Context Engineering: Buzzword or real revolution?
In the tech world, every so often a new label appears that changes everything… at least on LinkedIn. And lately, the term on everyone’s lips is context engineering. Is it a simple evolution of prompt engineering? A passing fad? Or the key for artificial intelligence to stop looking like a clumsy chatbot and become a truly useful agent?
Spoiler: it’s the latter. But let’s take it step by step.
The hype: more than a pretty prompt
During 2023, the term prompt engineering reached its peak. Everyone was talking about how to write magic prompts that brought out the best in ChatGPT. But as technology advanced, it became clear that writing a good prompt was not enough.
Here comes the real protagonist: the context.
Generative artificial intelligence (especially LLMs) has no real memory nor does it understand the world. It only responds based on the context we give it. And that context, well-designed, is what differentiates a generic bot from an intelligent, personalized agent with common sense.
That’s where context engineering comes into play.
What is Context Engineering
Context engineering is the discipline of designing and maintaining dynamic systems that organize and deliver all the necessary information—at the right time and in the right format—to the language model so it can complete a task effectively.
It’s not just about improving a prompt. It’s about building a complete context architecture, capable of selecting, prioritizing, compressing, validating, and delivering exactly what the model needs to act with precision and coherence.
How is it different from prompt engineering?
Let’s clarify it with a direct comparison:
Prompt Engineering: consists of carefully formulating a prompt for a specific task. It’s a valuable skill, yes, but limited to static and simple scenarios.
Context Engineering: is building a complete system that dynamically handles what information reaches the model, when, and how. It involves architecture, memory, tool management, noise filtering, validation, information retrieval, compression… in short, everything necessary so that the model doesn’t work blindly.
In other words: if prompt engineering is about writing a good question to the model, context engineering is about making sure the model has access to all possible answers before we even ask.
Key components of context
Context Selection
Not all information is useful. Part of the challenge is knowing what data to include: is it necessary to remember the full conversation history? Is it useful to load external documents? Should it have access to the user’s calendar? Context engineering seeks the balance between relevance and economy.
RAG and Memory
This is where short-term and long-term memory come in, in addition to retrieval-augmented generation (RAG) techniques. The system must be able to retrieve, summarize, and organize historical user information or external sources intelligently.
Order and Compression
Models have a token limit, so we can’t give them “all the context in the world.” The key lies in compressing, summarizing, and prioritizing information. Sometimes the most recent information matters, other times the most important. And, by the way, the order does alter the result.

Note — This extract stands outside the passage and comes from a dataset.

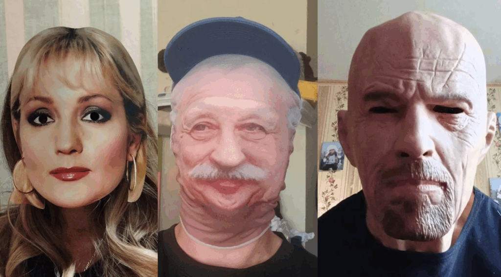 - Latex — volume 3D latex masks Full-size realistic masks with pronounced “skin” texture. Sometimes they have cut-out eyes and are complemented by external attributes

Error Prevention (Context Poisoning)
As conversational agents become more complex, one must prevent erroneous, biased, or contradictory information from infiltrating the context. This involves pruning, cross-validation, or even temporal isolation mechanisms for certain sources.
Tool Use and Workflows
Context engineering is not limited to text. It must also integrate external tools, such as calendars, search engines, APIs, or internal systems. And most importantly: it must design coherent workflows where the model knows when and how to use each tool. This is also starting to be called workflow engineering.
Why it matters (and it’s not just a buzzword)
If models like GPT are already powerful, why complicate our lives with this?
Because without a well-designed context, the model can only generate generic, impersonal, and error-prone responses. With good context, on the other hand, it can:
- Maintain coherence in a prolonged conversation
- Adapt to the user’s style, history, and preferences
- Integrate real-time data
- Avoid hallucinations
- Make decisions based on verifiable information
In a business environment, the competitive advantage is not in the model you use, but in how you feed it. Furthermore, the integration of agents in development environments, as seen in Microsoft Build 2025, reveals how a solid contextual architecture allows tools like GitHub Copilot to move from assistant to autonomous agent.
Are we all on the context engineering bandwagon?
Yes, there is hype. And yes, there are those who are using it as a marketing keyword to sell smoke. But there is also a very solid and very real technical background. Context is the new prompt. And whoever masters its engineering will be the one creating the AI agents that truly make a difference.